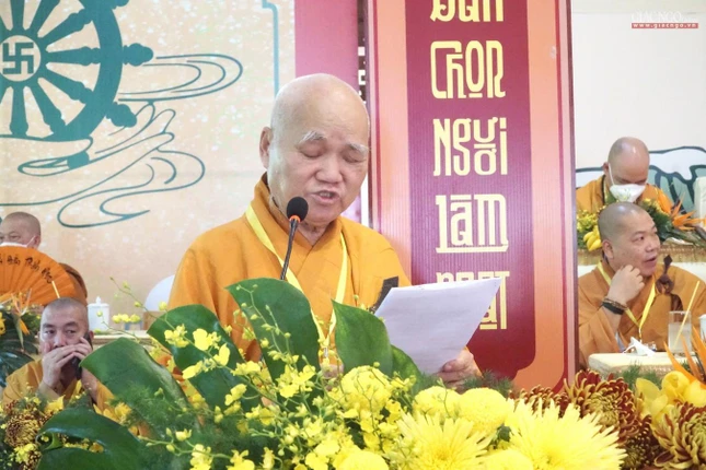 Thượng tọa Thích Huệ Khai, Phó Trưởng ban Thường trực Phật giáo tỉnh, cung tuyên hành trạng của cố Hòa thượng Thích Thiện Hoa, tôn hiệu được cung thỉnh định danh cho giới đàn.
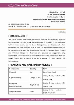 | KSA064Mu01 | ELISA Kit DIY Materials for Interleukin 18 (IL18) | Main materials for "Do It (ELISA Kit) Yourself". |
--
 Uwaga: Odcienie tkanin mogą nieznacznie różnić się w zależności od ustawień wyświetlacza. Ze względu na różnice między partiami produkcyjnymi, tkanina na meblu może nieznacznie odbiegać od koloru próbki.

What is being asked: Copy word for word the span of the records above that begins at the line with "Thượng tọa Thích" and ends at the line with "KSA064Mu01 | ELISA", including those two lines but not the pictures.

Solved problem:
 Thượng tọa Thích Huệ Khai, Phó Trưởng ban Thường trực Phật giáo tỉnh, cung tuyên hành trạng của cố Hòa thượng Thích Thiện Hoa, tôn hiệu được cung thỉnh định danh cho giới đàn.
 | KSA064Mu01 | ELISA Kit DIY Materials for Interleukin 18 (IL18) | Main materials for "Do It (ELISA Kit) Yourself". |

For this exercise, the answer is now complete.